Golola Moses (born 22 May 1980) is a Ugandan self-made celebrity, entertainer,kickboxer, actor, philanthropist, businessman and investor known for building his personal brand.

While his actual accomplishments as a kick boxer have been questioned by the media in Uganda, with accusations ranging from rigged events  to outright fraud, Golola has, nevertheless, been credited with popularizing the sport of kickboxing in Uganda (a discipline which previously generated minimal fan interest in Uganda) and has managed to build up a large fan following in Uganda. His 2011 fight against Abdul Qadir Rahim managed to attract the largest attendance in Uganda outside of Ugandan national football team matches and Golola has perhaps the largest fan following in Uganda outside of the national football team.

Golola has one of the largest online fan bases of anyone in Uganda. His fans have created various memes associated with Golola and even their own parody version of Downfall, starring Golola. He was also given the lead role in the Ugandan movie Christmas in Kampala.

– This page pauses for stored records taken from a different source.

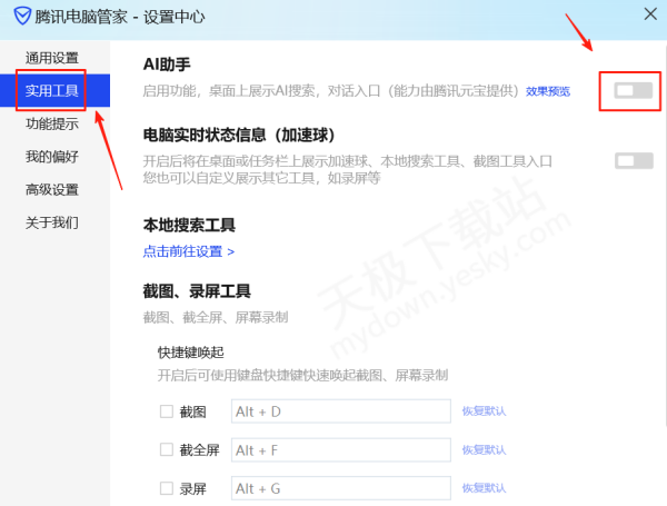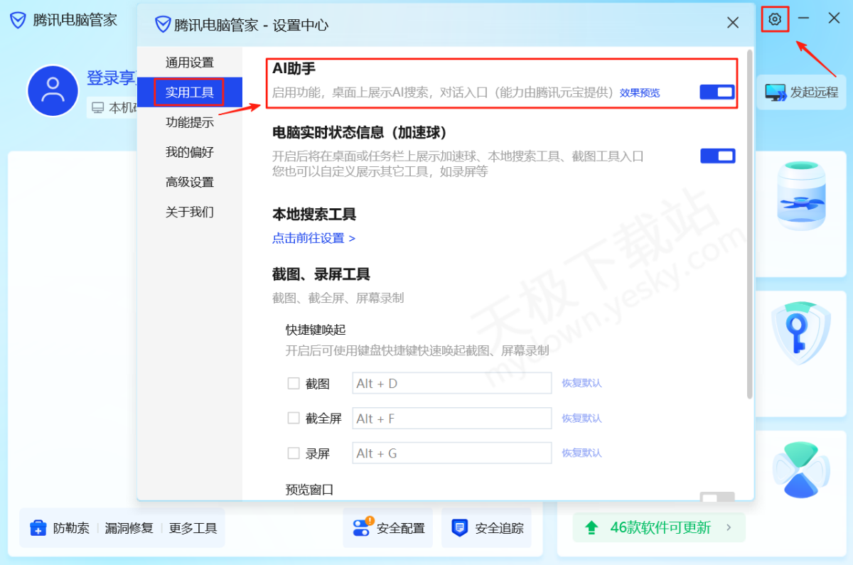1.下载并打开最新版本的腾讯电脑管家,点击右上角【设置】选项,选择左侧【实用工具】,然后把AI助手选项打开。
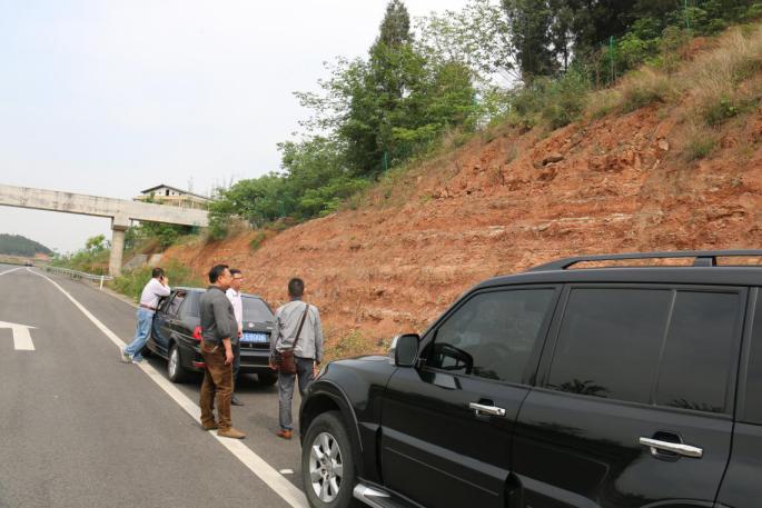 查看繞城高速邊坡隱患現(xiàn)場(chǎng)
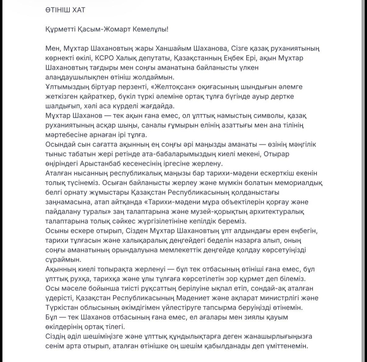Ақынның киелі топырақта жерленуі – отбасының өтініші ғана емес, бұл ұлттық рухқа, тарихқа және ұлы тұлғаға көрсетілетін зор құрмет, – делінген хатта.
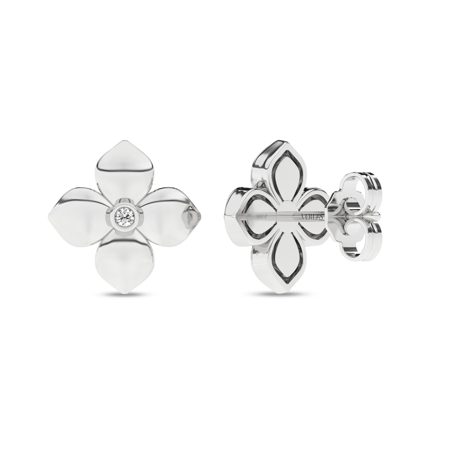 Elegant floral motif with a tiny diamond bezel set in the center, this pair of La Fleur Diamond Studs exudes radiance every step of the way. This diamond stud earrings design is inspired by the beauty and elegance of flowers with the center diamonds adding a touch of shine to it. It is a perfect gift for someone special, or a treat for yourself.
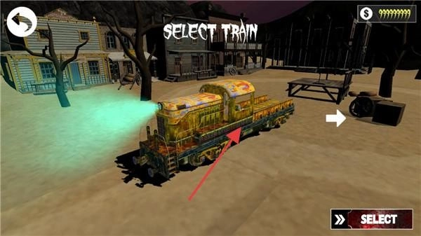 2、在【SELECT TRAIN】界面,点击箭头指向的火车,然后按下【SELECT】按钮完成确认操作。
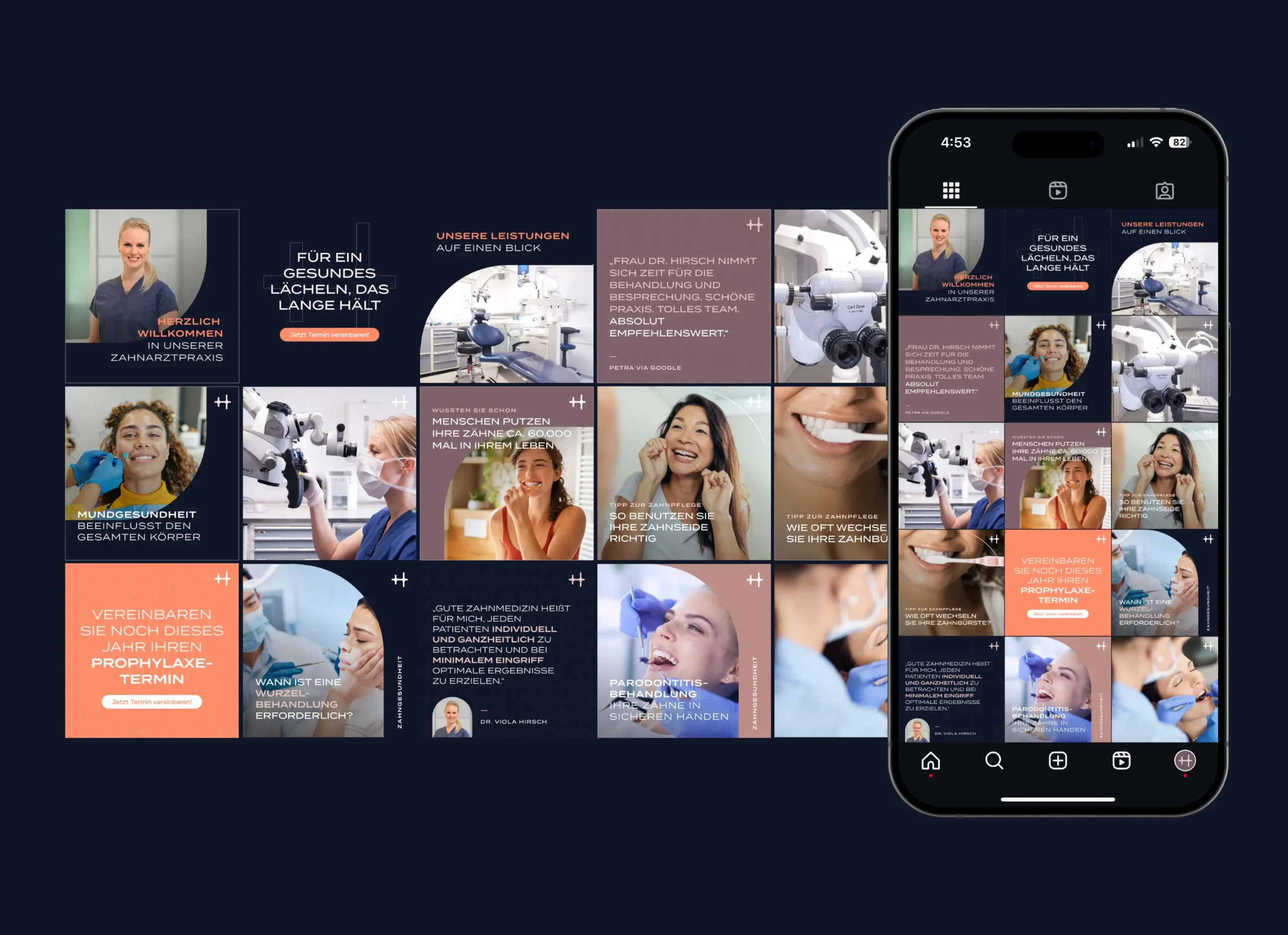 Von der Wort-Bild-Marke und Brand Design über Social Media Marketing bis hin zu einer hochwertigen Geschäftsausstattung und Beschilderung haben wir ein ganzheitliches Erscheinungsbild entwickelt. Das Credo „Für ein gesundes Lächeln, das lange hält“ verkörpert die Werte der Praxis und zieht sich durch alle Kommunikationsmaßnahmen – modern, authentisch und vertrauensvoll.
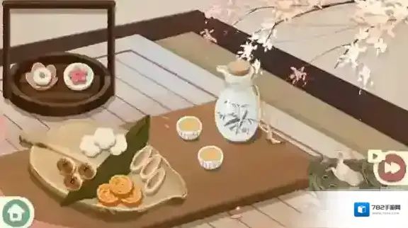 7、最后我们把桌子上的花瓣按如图所示的位置摆放好就可以通关了。
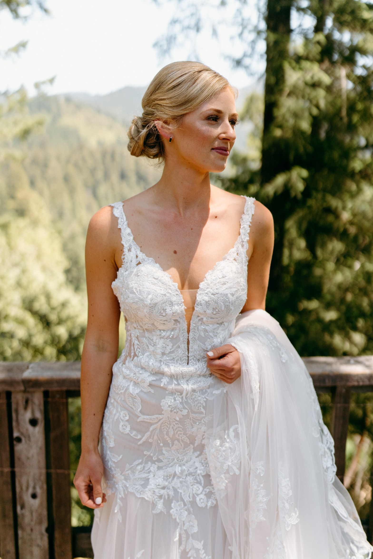 I mentioned working outside in the sun getting the venue ready… which, yes, led to some tan lines. So I called in my makeup pro for a spray tan. I am so glad I did this! I didn’t think I would need one, but in hindsight recommend to everyone, no matter what your dress looks like or the details leading up to your big day. Having nice, tan skin is an extra boost of confidence in itself, especially so when it evens out any lines that could distract from your wedding dress!! I worked with Pure Makeup in Eureka (love Maria!) . It was an awesome experience, and I loved how she made me look and feel. (She also did my final eye brow wax/touches before the big day.)
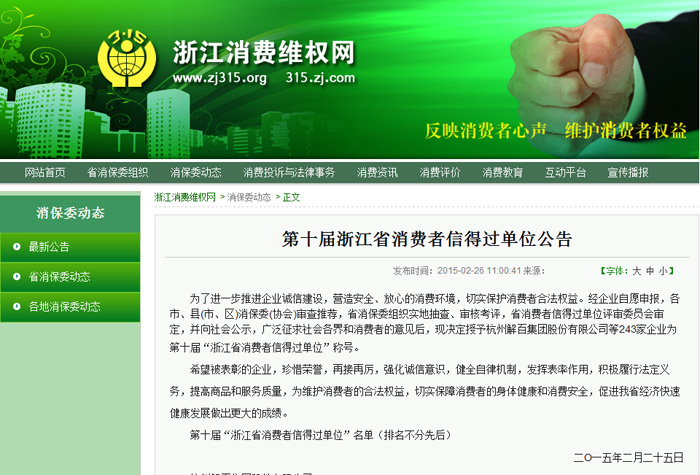 近日,浙江省第十届“消费者信得过单位”评选结果出炉,浙江贝利房地产集团有限公司榜上有名,荣获“消费者信得过单位”称号。据悉,贝利地产集团是余杭区唯一获此殊荣的房地产企业,同时也已连续多届获得该殊荣。
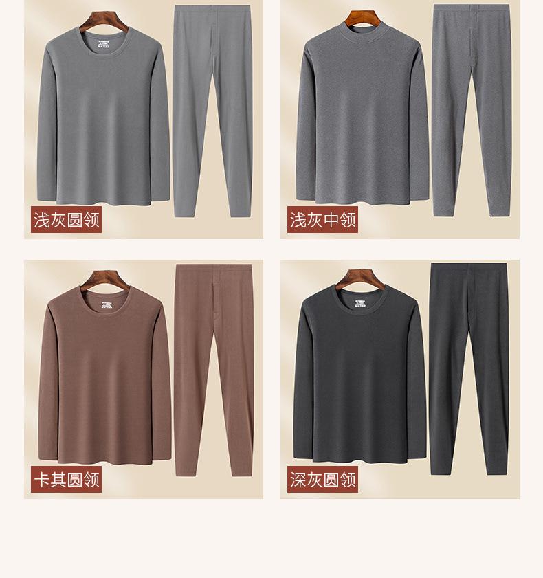 Conjunto Completo de Ropa Interior Térmica Cuello Redondo Traje Grueso Capa Base a Prueba de Frío para Hombre Autocalentable para Mediana Edad y Ancianos Ropa de Otoño Nuevo Estilo
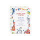 Modern circus carnival birthday invitation for ANY AGE! This invitation showcases cute circus animals, air balloons, sweets, ribbons, festive bunting flags, colorful confetti and much much more.
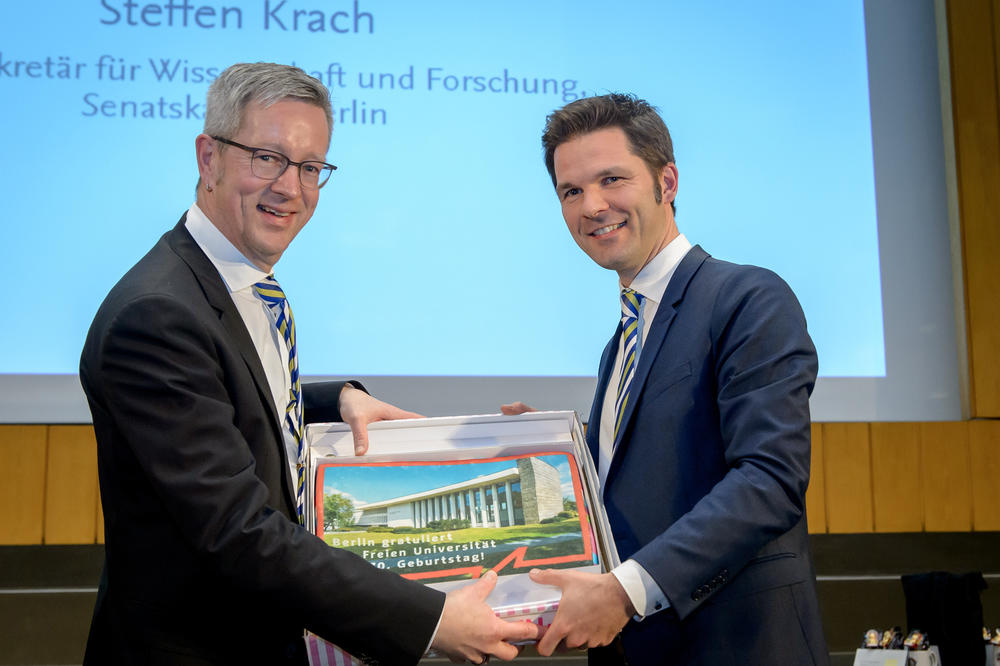 Die Freie Universität präge ihre Absolventinnen und Absolventen, betonte Steffen Krach, Staatssekretär Wissenschaft und Forschung beim Berliner Senat, der vor 16 Jahren selbst ein Studium in Dahlem begann. „Damals ahnte ich nicht, dass ich auf dieser Bühne einmal der Freien Universität zum Siebzigsten gratulieren würde. Ohne die Freie Universität wäre Berlin eine andere, eine ärmere Stadt“, sagte Krach, der Universitätspräsident Professor Günter M. Ziegler eine Geburtstagstorte überreichte.

Golola is known for his humorous personality and flamboyant showmanship, traits which have helped him to popularize the sport of kickboxing in Uganda and helped him to gain a large fan following.

He is the Kickboxing Champion of East and Central Africa having emerged winner in a controversial match against Hungarian Andras Nagy on 9 December 2011. Golola was involved in a financial dispute with his promoter at that time, Patrick Kanyomozi, and claimed that he was owed 30 million Ugandan shillings as his part of a 40–60 split from the fight. The dispute later caused him to split with Kanyomozi and introduce his own brother as his promoter.

Moses Vs Umar Semata 
Umar Semata is a Ugandan kickboxer based in Thailand. For over five years since he came to fame with his spectacular records in Thailand, fans have been divided on who is better than the other. Moses Golola is experienced in K1-Style and has beaten every Ugandan kickboxer who comes by his way such as Titus Tugume, Abu Kikenwa among others. Semata is a Muay thai fighter which is a little bit different from K1.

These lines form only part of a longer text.